Legacy Twinned

I had the great pleasure this last week of spending time with my mother, who lives some 4000 kms from where I live and work. I only am able to be with my mom a couple of time each year. As of late, she has not been well, my mom: heart problems, mobility issues, and failing sight have complicated her life. Since I don’t get out to see her often I like to maximize my time with her. My wife suggested I bring along a book to read to her, which I did. I found it to be a rich experience to read to my mother who read to me as a child. It is a coming full circle, something that I hope comes around to me in due course.

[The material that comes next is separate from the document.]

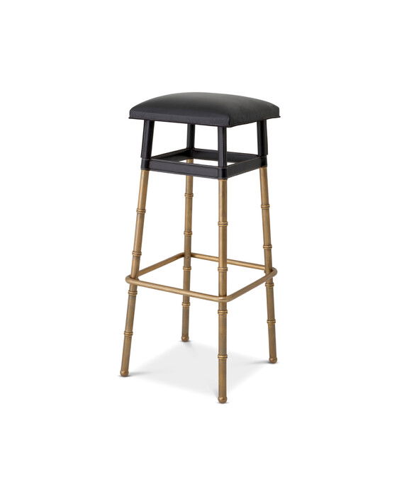 Den eleganta neoklassiska barstolen Princess från Eichholtz är designad med ben i mässing och en vadderad sits i svart läder. Den ger en känsla av klassisk elegans som passar perfekt in i rum med både modern och klassisk inredningsstil.

In addition to reading the book I brought, I also read her the local paper which had an article remembering Arthur and Allen Dickau, local gentlemen who died at the age of 90 years. Arthur and Allen were twin brothers who had slight cognitive impairment. They also happened to have a very fine sense of humor. They owned hats that read “I am Allen, the other one is Arthur” and its opposite. They publically swapped hats to confound folk. I remember them so well: they spoke with a kind of slight accent I associate with children of German immigrants, in a rather sharp tenor voice. They belonged to the local Baptist church, and were much loved by folk of faith and beyond. They were true ambassadors for my home town of Ponoka. As the years progressed, their backs bowed in homage to the years of manual labor that gave them occasion to boast of having raised this roof, or having poured this sidewalk; including the sidewalk and roof of my parents’ retirement home, recently vacated by my widowed Mom in her failing health.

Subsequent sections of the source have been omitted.